To ensure Home or Hybrid Home/Office employees’ ability to work effectively, the self-provided internet service of Home or Hybrid Home/Office employees must meet the following criteria:

  • At minimum, a download speed of 25 Mbps and an upload speed of 10 Mbps is recommended; wireless, wired cable or DSL connection is suggested.
  • Satellite, cellular and microwave connection can be used only if approved by leadership.
  • Humana will provide Home or Hybrid Home/Office employees with telephone equipment appropriate to meet the business requirements for their position/job.
  • Work from a dedicated space lacking ongoing interruptions to protect member PHI / HIPAA information.

Interview Format

As part of our hiring process for this opportunity, we will be using an interviewing technology called HireVue to enhance our hiring and decision-making ability. HireVue allows us to quickly connect and gain valuable information from you pertaining to your relevant skills and experience at a time that is best for your schedule.


Scheduled Weekly Hours




Pay Range

The compensation range below reflects a good faith estimate of starting base pay for full time (40 hours per week) employment at the time of posting. The pay range may be higher or lower based on geographic location and individual pay will vary based on demonstrated job related skills, knowledge, experience, education, certifications, etc.


$84,600 – $116,300 per year


This job is eligible for a bonus incentive plan. This incentive opportunity is based upon company and/or individual performance.


Description of Benefits

Humana, Inc. and its affiliated subsidiaries (collectively, “Humana”) offers competitive benefits that support whole-person well-being. Associate benefits are designed to encourage personal wellness and smart healthcare decisions for you and your family while also knowing your life extends outside of work. Among our benefits, Humana provides medical, dental and vision benefits, 401(k) retirement savings plan, time off (including paid time off, company and personal holidays, volunteer time off, paid parental and caregiver leave), short-term and long-term disability, life insurance and many other opportunities.

About us

Humana Inc. (NYSE: HUM) is committed to putting health first – for our teammates, our customers and our company. Through our Humana insurance services and CenterWell healthcare services, we make it easier for the millions of people we serve to achieve their best health – delivering the care and service they need, when they need it. These efforts are leading to a better quality of life for people with Medicare, Medicaid, families, individuals, military service personnel, and communities at large.

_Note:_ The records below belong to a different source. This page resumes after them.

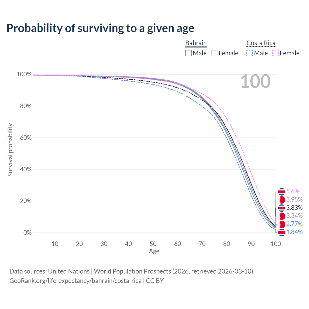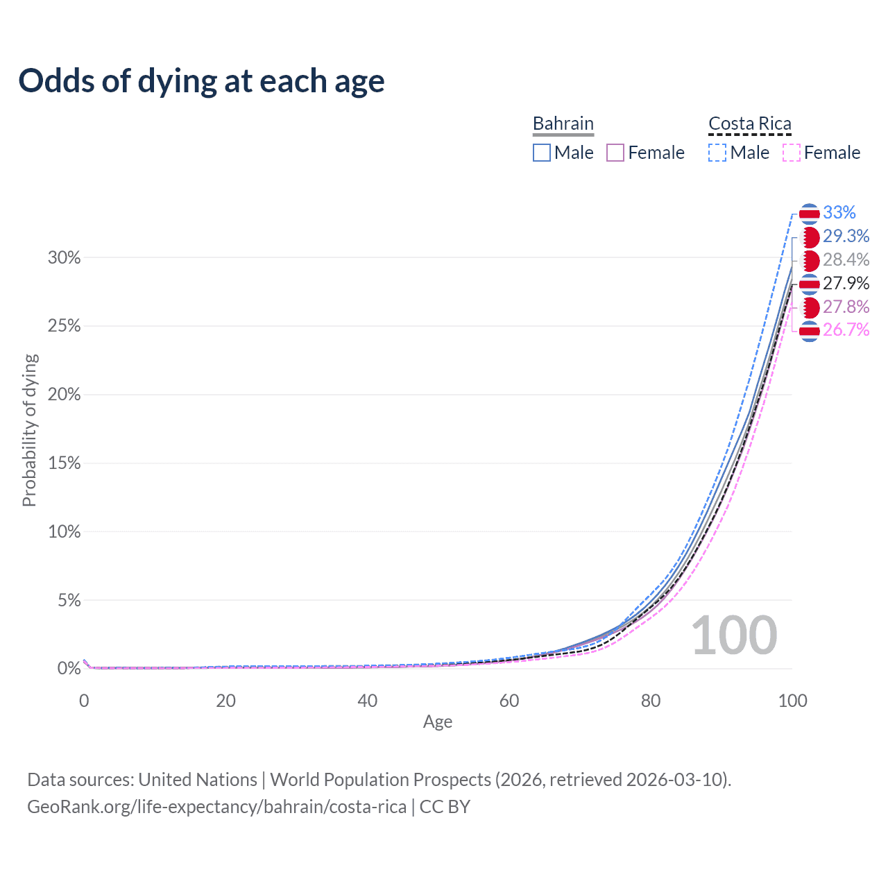 This life expectancy calculator shows the odds of living to 100, 95, 90, and below based on current age for both males and females in Bahrain and Costa Rica, along with mean and median age of death. The calculations are based on the 2026 life tables (actuarial tables) from the UN World Population Prospects.
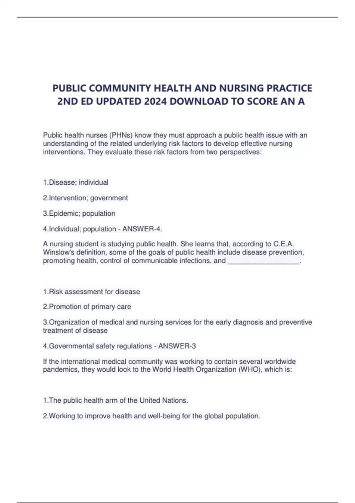 PUBLIC COMMUNITY HEALTH AND NURSING PRACTICE 2ND ED UPDATED 2024 DOWNLOAD TO SCORE AN A
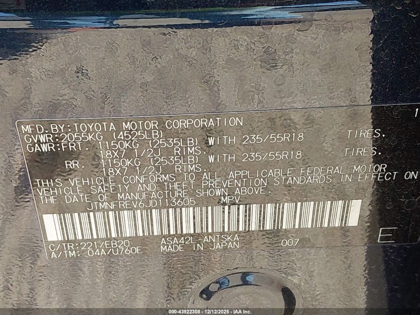 2018 TOYOTA RAV4 2018 року Бензин, 2.5, Передній привід, vin - JTMNFREV6JD113605 з США
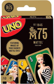 UNO, the classic card-matching game by Mattel, is celebrating its 75th anniversary with a special-edition deck that celebrates Mattel toys throughout the years! Each card is decorated with another childhood favorite, like Barbie doll, Hot Wheels cars, Fisher-Price pre-school toys and more. Game play is like classic UNO. Match cards by color or number and play action cards like Skip, Reverse and Wild Draw Four to shake up the competition. Score points by being the first to get rid of all the cards in your hand, and when you're down to one card, don't forget to yell "UNO!" This collectible deck makes a great gift for 7 year olds and up, especially toy lovers. Colors and decorations may vary.
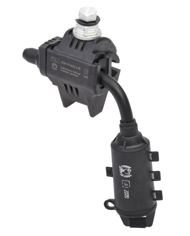 Комплект для наложения заземления КНЗ-95 IEK предназначен для подключения переносного защитного заземления при выполнении работ на воздушной линии электропередач напряжением до 1 кВ. Комплект состоит из прокалывающего зажима и адаптера для закороток и заземления.
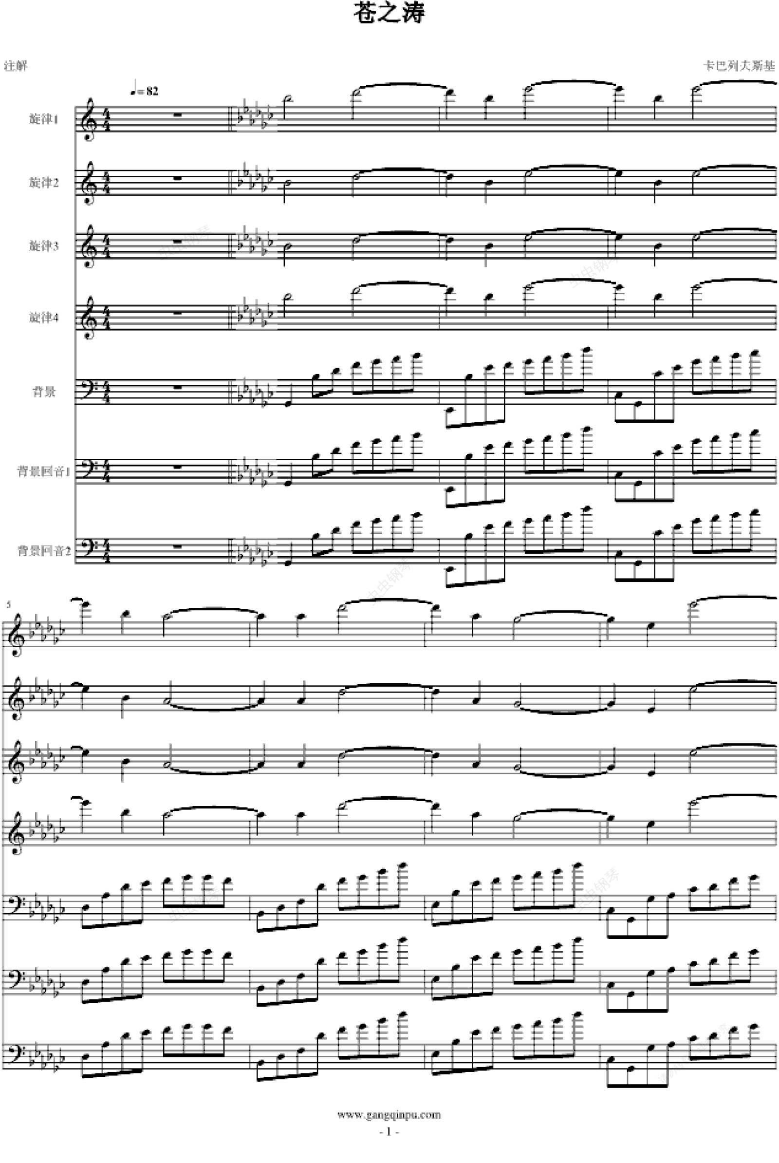 钢琴谱:苍之涛
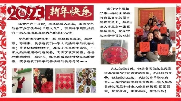 为丰富青少年的精神文化生活,引导青少年体验、感受中国传统节日文化,2023年春节期间,顺义区阳光地带社区青年汇新时代文明实践基地面向全区6-18岁青少年开展“寻找兔年新春里的浓情年味儿”作品征集活动。

Equal Opportunity Employer


It is the policy of  Humana not to discriminate against any employee or applicant for employment because of race, color, religion, sex, sexual orientation, gender identity, national origin, age, marital status, genetic information, disability or because he or she is a protected veteran. It is also the policy of  Humana to take affirmative action to employ and to advance in employment, all persons regardless of race, color, religion, sex, sexual orientation, gender identity, national origin, age, marital status, genetic information, disability or protected veteran status, and to base all employment decisions only on valid job requirements. This policy shall apply to all employment actions, including but not limited to recruitment, hiring, upgrading, promotion, transfer, demotion, layoff, recall, termination, rates of pay or other forms of compensation and selection for training, including apprenticeship, at all levels of employment.